The Fairmont Orchid was by far the most ritzy place we stayed for the entire trip.  Our travel agent booked us there for two nights because of its on-site piano, but there was plenty else to surprise us once we arrived.  When we checked in we were shown to our room by an escort as he answered our questions about all of the beach activities there were to try.  Along with this he made us aware of the 24 hour room service and variety of restaurants to choose from. In our room, he named and explained all of the exotic fruits spread out on a fruit tray, next to a bottle of champagne ready to drink.  
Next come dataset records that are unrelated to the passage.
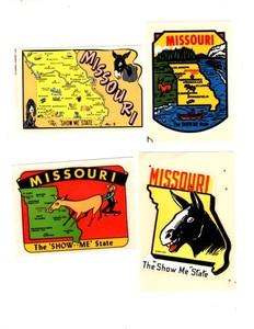 LOT OF 4 VINTAGE WINDOW TRAVEL DECALS, 1950's-60's, MISSOURI (AA700)
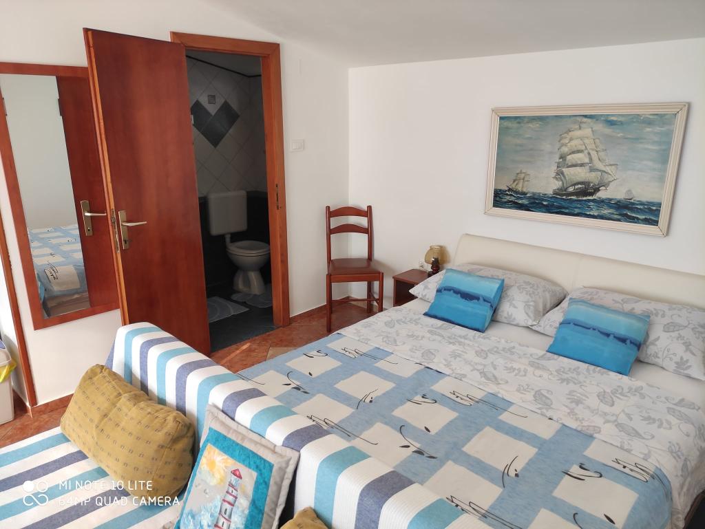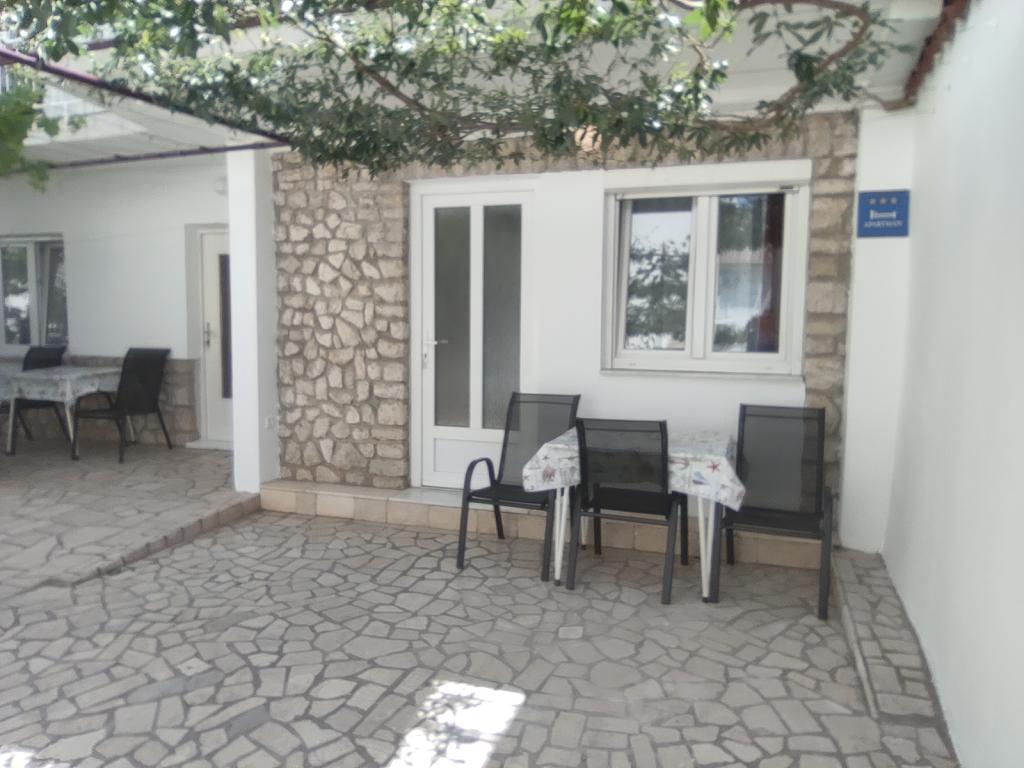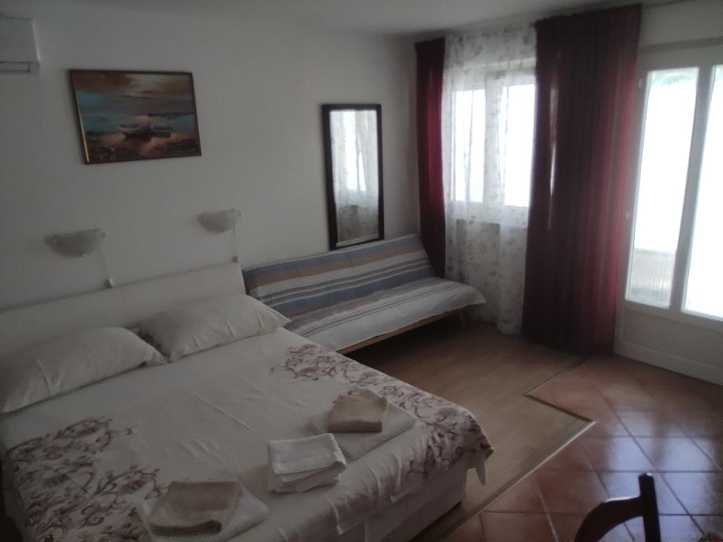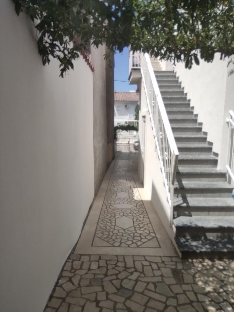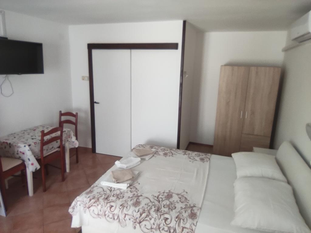 Malé studio, ideální pro dvě osoby. Přistýlka je rozkládací pohovka vhodná pro dospělého, ale pohodlnější pro děti. Byt se nachází ve druhé řadě od moře. Parkování je zajištěno a zahrnuto v ceně. Byt je součástí budovy s dalšími 3 ateliéry. Bytový dům se nachází za domem hostitele. Dvůr je využíván jak hosty, tak hostiteli.
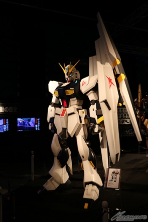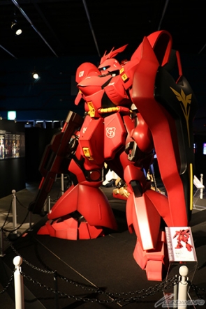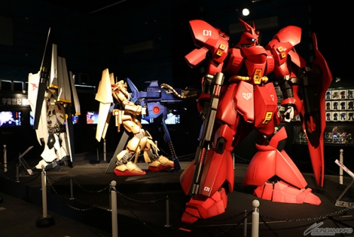 ▲進入會場1/10比例尺的「ν鋼彈」、「沙薩比」、「百式+MEGA火箭 巨砲
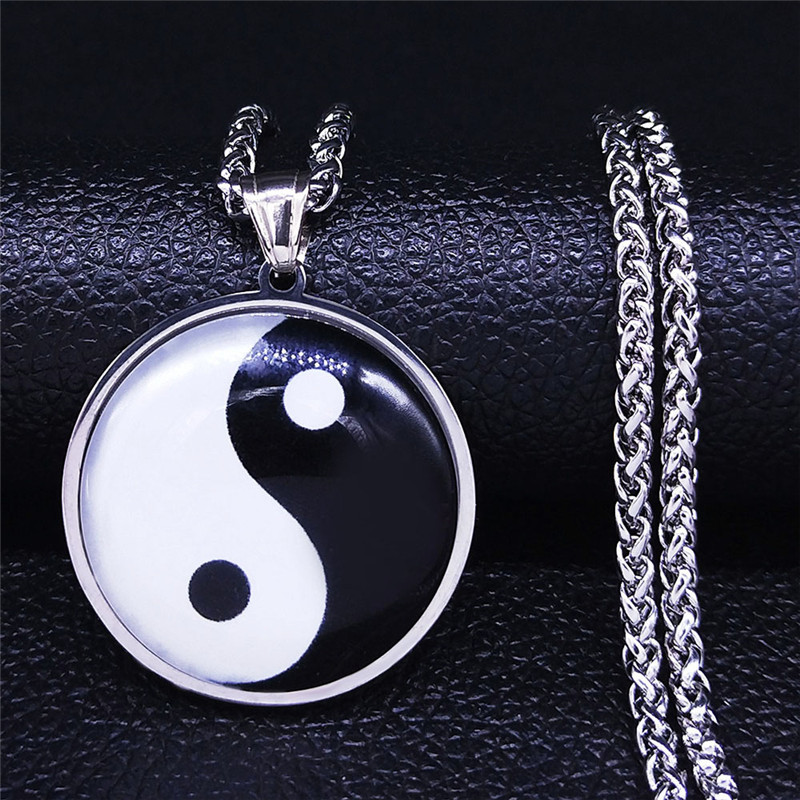 欧米の映画とテレビの周辺のガラスのペンダントの太極の図案の項はファッションのシンプルなカップルのステンレスのネックレスを飾ります。

Our time at the Fairmont was a restful time.  We parked the car and stayed at the resort. The sandy beach and the frequent gentle-lapping waves made the beach more enjoyable.  We spent a sacred evening underneath the stars on that beach the first night we were there, dozing in the bliss of the ocean on what felt like the edge of the world.  Hawaii indeed was the first experience I had ever had on a mountain top at sea level, and that night I could feel the power of it as we sat by the ocean shore.

During our time there, I played some BDC originals on a beautifully toned and tuned grand piano which sat in a large ballroom with wooden floors.  The room sound complemented the piano and sweet Dane took pictures and made videos we are excited to share.

That night we feasted at a luau where we learned ohana is the Hawaiian word for family, and were all made ohana through music, stories of Hawaii’s first Tahitian settlers, and audience participation.  I spent my thirty-ninth birthday in Hawaii, which happened to be that day, and so my sweet Dane and I were asked to dance for a birthday-honeymoon celebration. Afterward, we met the musicians, a three piece island acoustic band with vocal harmony, a tiny electric bass called a ukulele bass, an acoustic guitar and a traditional ukulele.  On our way back to the room, we listened to a rambling ukulele player at a restaurant and then slept to prepare for our morning flight to Kauai.

In Hawaii there is a little something extra in every activity.  Time usually spent in enclosed spaces is spent out in the warm, aromatic, open air.  We had most all of our meals, attended all special events, and spent mornings and evenings outside by the ocean, and enjoyed the timelessness of the island where everyone seemed to be in a state of constant contentment.  The Kilauea Lodge mountain resort was the only indoor restaurant we saw the whole time we were there, which made sense because t was in the colder, mountain region.

All this being said, there is something extra in Hawaii beyond the people you meet or the places you visit. There is a certain wildness to the to it that can never be tamed, and when you are there, you are aware in a deep inward sense that you are in the midst of the Pacific Ocean among one of the most isolated populations on earth.  Hawaii is truly all alone in its own little zone, with very few bugs, no natural predators, and chickens that roam free after being set loose by the floods of 1992. Above all, Hawaii is the most welcoming place I have ever traveled to.  The extra aloha spirit is something you can’t help but instantly feel when you visit the islands, and it deepens the peace and love in the hearts of all who travel there.